▶ _Required action_:
Return the data below exactly as given, except for the images.

▶ _Material provided_:
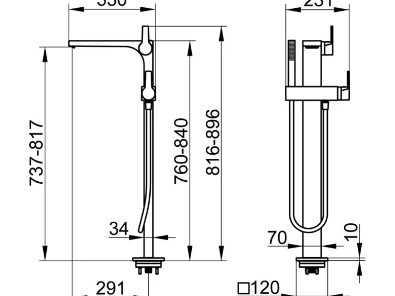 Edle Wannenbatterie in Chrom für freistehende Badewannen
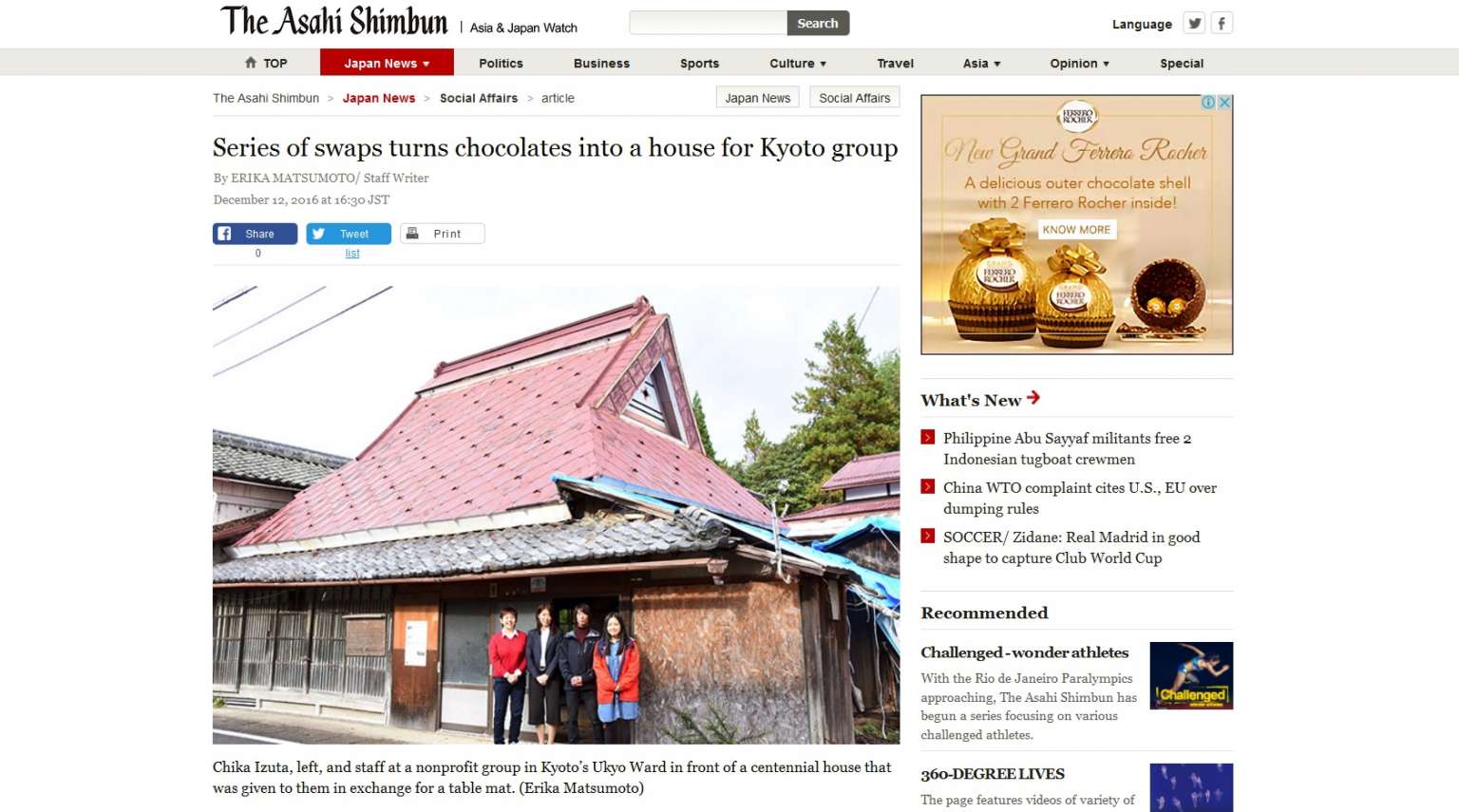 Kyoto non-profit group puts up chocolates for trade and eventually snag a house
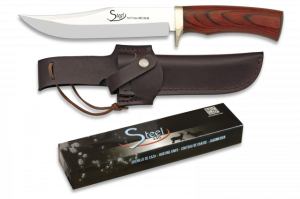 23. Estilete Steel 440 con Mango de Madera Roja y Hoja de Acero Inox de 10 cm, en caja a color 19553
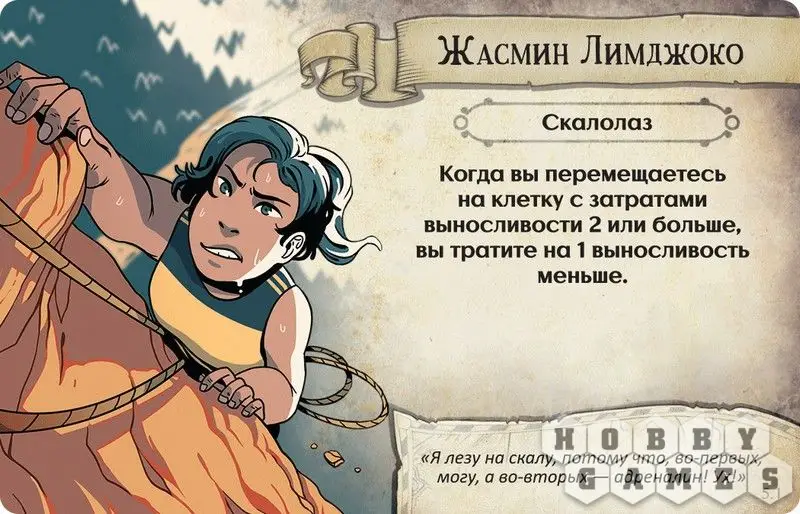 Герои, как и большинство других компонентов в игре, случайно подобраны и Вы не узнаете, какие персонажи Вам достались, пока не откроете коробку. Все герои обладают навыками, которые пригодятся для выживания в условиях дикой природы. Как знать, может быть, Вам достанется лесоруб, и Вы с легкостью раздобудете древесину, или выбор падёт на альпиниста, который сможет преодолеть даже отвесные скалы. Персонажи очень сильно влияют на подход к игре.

▶ _Written answer_:
 Edle Wannenbatterie in Chrom für freistehende Badewannen
 Kyoto non-profit group puts up chocolates for trade and eventually snag a house
 23. Estilete Steel 440 con Mango de Madera Roja y Hoja de Acero Inox de 10 cm, en caja a color 19553
 Герои, как и большинство других компонентов в игре, случайно подобраны и Вы не узнаете, какие персонажи Вам достались, пока не откроете коробку. Все герои обладают навыками, которые пригодятся для выживания в условиях дикой природы. Как знать, может быть, Вам достанется лесоруб, и Вы с легкостью раздобудете древесину, или выбор падёт на альпиниста, который сможет преодолеть даже отвесные скалы. Персонажи очень сильно влияют на подход к игре.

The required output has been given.